**Exercise instructions**
Each entry below is to be given again word for word, with no pictures.

**Data section**
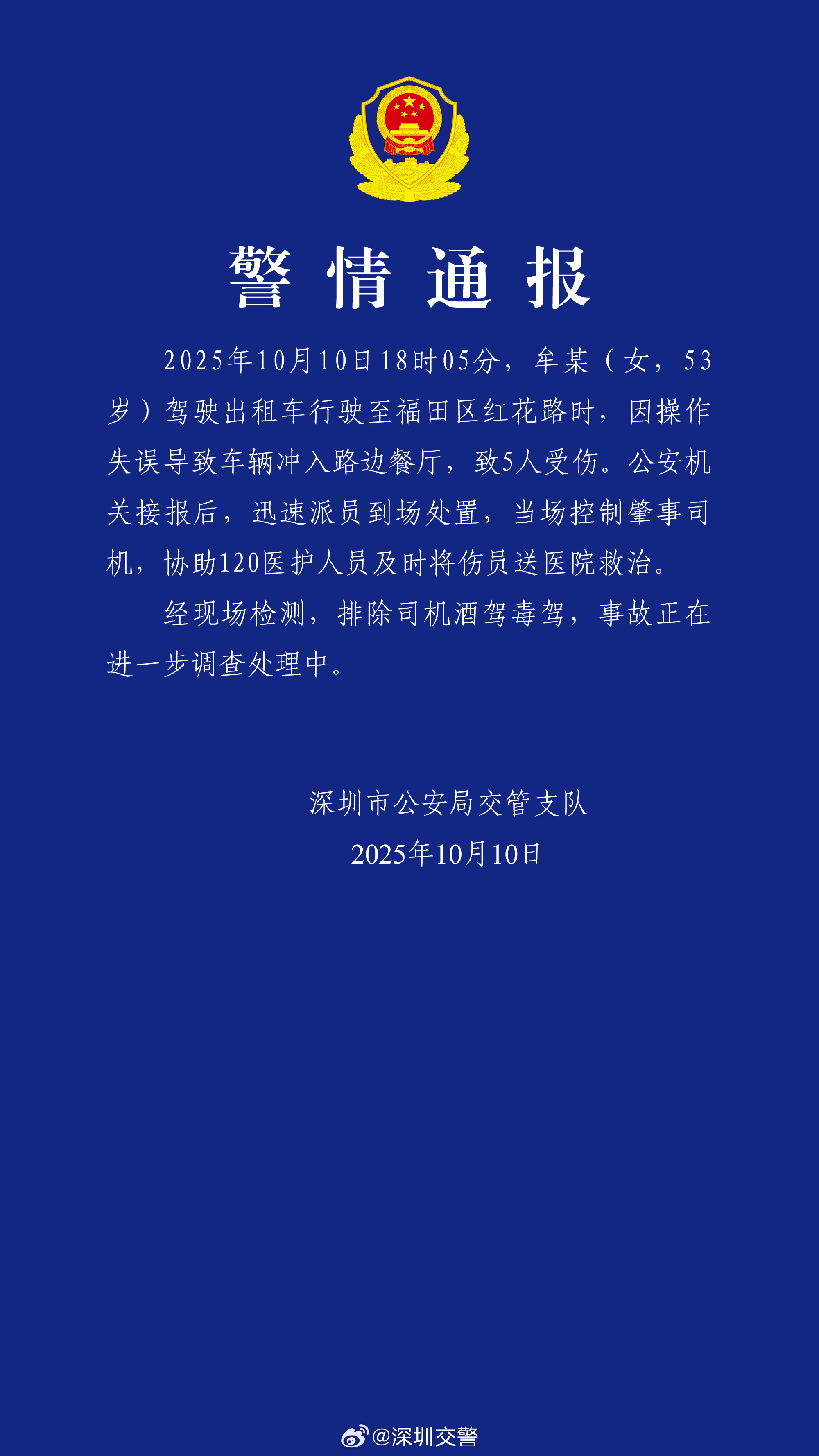 人民網(wǎng)深圳10月10日電 (王星) 據(jù)深圳市公安局交管支隊(duì)通報(bào),今日18時(shí)05分,牟某(女,53歲)駕駛出租車行駛至福田區(qū)紅花路時(shí),因操作失誤導(dǎo)致車輛沖入路邊餐廳,致5人受傷。
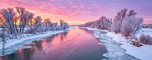 Beautiful winter sunset over a serene icy river landscape
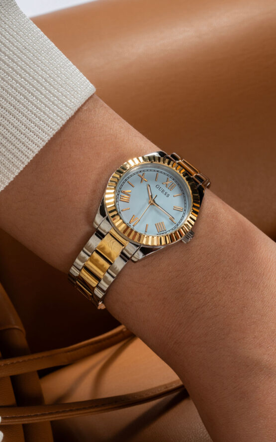 Γυναικείο ρολόι GUESS MINI LUNA GW0687L4 διαμέτρου 30mm, με μηχανισμό QUARTZ ακριβείας, γαλάζιο καντράν, κάσα και μπρασελέ από ανοξείδωτο ατσάλι.
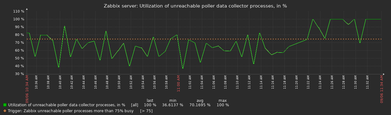 Zabbix server: Utilization of unreachable poller data collector processes, in %
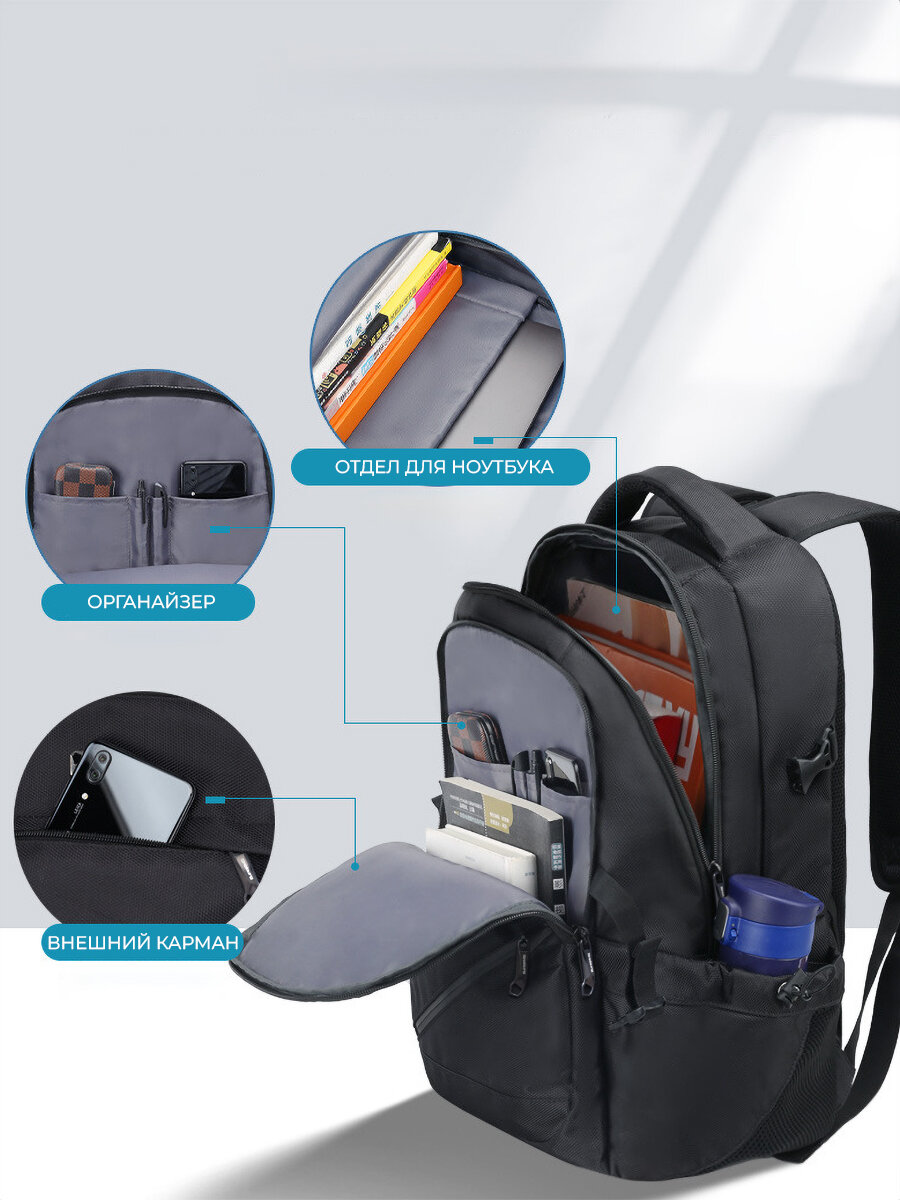 Вместительность и функциональность рюкзака Snoburg SN9910 поражает. В нем есть все необходимое для комфортной повседневной жизни: отделение для ноутбука, карман для планшета, органайзер и множество боковых карманов.
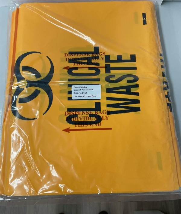 Contaminated Waste Bag 1000mm x 760mm x 60um - 60L Gussetted Yellow. Pack of 50
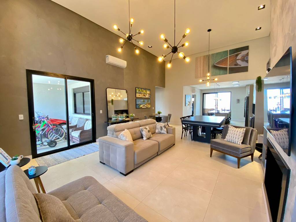 Todo requinte e exclusividade que você e sua família merece! Sabe aquela casa bem localizada, living amplo, finamente mobiliada e decorada em um condomínio de altíssimo padrão? Essa é a casa! Magnifica casa baixa com living totalmente integrado, lareira, mesa de jantar/bilhar, cozinha em ilha, espaço gourmet integrado a um excelente pátio com espaço para uma piscina ou ôfuro, esquadrias pretas, persianas automatizadas, mobiliada e decorada, acabamentos em mármore, 3 excelentes suítes individuais, fachada moderna com janelas basculantes, tudo isso em um condomínio que vai te proporcionar a segurança e o lazer que você merece, estuda prazo curto e imóvel, solicite sua visita!
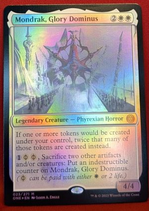 If one or more tokens would be created under your control, twice that many of those tokens are created instead. 1 WPWP, Sacrifice two other artifacts and/or creatures: Put an indestructible counter on Mondrak, Glory Dominus. (WP can be paid with either W or 2 life.)
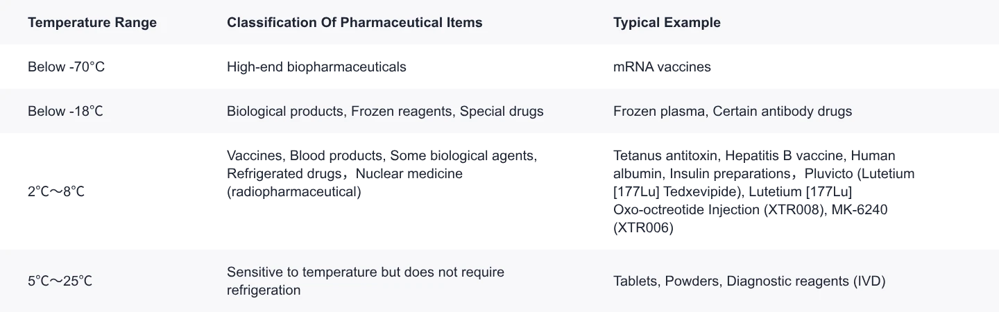 Transport Temperature Ranges and Applicable Products

**Result of the exercise**
 人民網(wǎng)深圳10月10日電 (王星) 據(jù)深圳市公安局交管支隊(duì)通報(bào),今日18時(shí)05分,牟某(女,53歲)駕駛出租車行駛至福田區(qū)紅花路時(shí),因操作失誤導(dǎo)致車輛沖入路邊餐廳,致5人受傷。
 Beautiful winter sunset over a serene icy river landscape
 Γυναικείο ρολόι GUESS MINI LUNA GW0687L4 διαμέτρου 30mm, με μηχανισμό QUARTZ ακριβείας, γαλάζιο καντράν, κάσα και μπρασελέ από ανοξείδωτο ατσάλι.
 Zabbix server: Utilization of unreachable poller data collector processes, in %
 Вместительность и функциональность рюкзака Snoburg SN9910 поражает. В нем есть все необходимое для комфортной повседневной жизни: отделение для ноутбука, карман для планшета, органайзер и множество боковых карманов.
 Contaminated Waste Bag 1000mm x 760mm x 60um - 60L Gussetted Yellow. Pack of 50
 Todo requinte e exclusividade que você e sua família merece! Sabe aquela casa bem localizada, living amplo, finamente mobiliada e decorada em um condomínio de altíssimo padrão? Essa é a casa! Magnifica casa baixa com living totalmente integrado, lareira, mesa de jantar/bilhar, cozinha em ilha, espaço gourmet integrado a um excelente pátio com espaço para uma piscina ou ôfuro, esquadrias pretas, persianas automatizadas, mobiliada e decorada, acabamentos em mármore, 3 excelentes suítes individuais, fachada moderna com janelas basculantes, tudo isso em um condomínio que vai te proporcionar a segurança e o lazer que você merece, estuda prazo curto e imóvel, solicite sua visita!
 If one or more tokens would be created under your control, twice that many of those tokens are created instead. 1 WPWP, Sacrifice two other artifacts and/or creatures: Put an indestructible counter on Mondrak, Glory Dominus. (WP can be paid with either W or 2 life.)
 Transport Temperature Ranges and Applicable Products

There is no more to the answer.